Comment 3 Jan Vcelak 2012-01-20 12:59:27 UTC
The TLS parameters are really not available. During tlsm_ctx_new, the pointer to lo->ldo-tls_info is taken:

(gdb) p lo->ldo_tls_info 
$7 = {lt_certfile = 0x7fffe4100d00 "replicator", lt_keyfile = 0x0, lt_dhfile = 0x0, lt_cacertfile = 0x0, 
  lt_cacertdir = 0x7fffe4100ce0 "/root/bz783431/certdb", lt_ciphersuite = 0x0, lt_crlfile = 0x0, lt_randfile = 0x0, 
  lt_protocol_min = 0}
(gdb) p &lo->ldo_tls_info 
$8 = (struct ldaptls *) 0x7fffe41009d8

And when the first connection fails, the structure is freed in ldap_int_tls_destroy.


This can be solved by copying the TLS initialization data into the TLS context structure temporarily. And the data can be freed when the deferred initialization is finished.

I will write a patch.

Comment 4 Jan Vcelak 2012-01-25 09:40:09 UTC
Created attachment 557415 [details]
proposed patch

Fix: Make a copy of TLS configuration in tlsm_ctx_init and free it later when tlsm_deferred_ctx_init finishes.
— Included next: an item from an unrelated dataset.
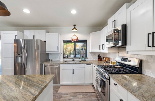 Este alojamiento de 3 dormitorios y 2 baños cuenta con una sala de estar, una zona para barbacoas, chimenea y aire acondicionado. El cuarto de baño incluye un secador de pelo, toallas y papel higiénico. La cocina está equipada con horno, placa de cocina y frigorífico, además de cafetera y tetera, hervidor eléctrico y máquina de hielo. Y gracias a la lavadora y la secadora, podrás viajar con poco equipaje.
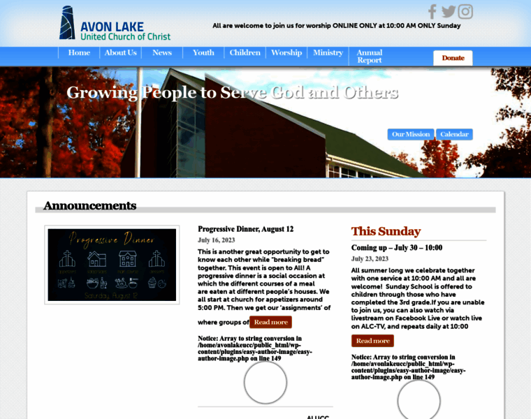 avonlakeucc.org, website home page for Avon Lake United Church of Christ

When the initialization never takes place, the copy is freed in tlsm_ctx_free.

(Patch applies cleanly on 2.4.28 release tarball -- Fedora Rawhide.)

Comment 5 Jan Vcelak 2012-01-25 15:58:23 UTC
Thank you for the review, Rich.

Patch submitted upstream:
http://www.openldap.org/its/index.cgi?findid=7136

Comment 6 Jan Vcelak 2012-01-31 17:48:36 UTC
Fixed in:
openldap-2.4.26-6.fc16
openldap-2.4.28-3.fc17

Comment 7 Fedora Update System 2012-01-31 17:51:14 UTC
openldap-2.4.26-6.fc16 has been submitted as an update for Fedora 16.
https://admin.fedoraproject.org/updates/openldap-2.4.26-6.fc16

Comment 8 Fedora Update System 2012-02-01 19:26:57 UTC
Package openldap-2.4.26-6.fc16:
* should fix your issue,
* was pushed to the Fedora 16 testing repository,
* should be available at your local mirror within two days.
Update it with:
# su -c 'yum update --enablerepo=updates-testing openldap-2.4.26-6.fc16'
as soon as you are able to.
Please go to the following url:
https://admin.fedoraproject.org/updates/FEDORA-2012-1135/openldap-2.4.26-6.fc16
then log in and leave karma (feedback).

Comment 9 Fedora Update System 2012-02-17 00:58:01 UTC
openldap-2.4.26-6.fc16 has been pushed to the Fedora 16 stable repository.  If problems still persist, please make note of it in this bug report.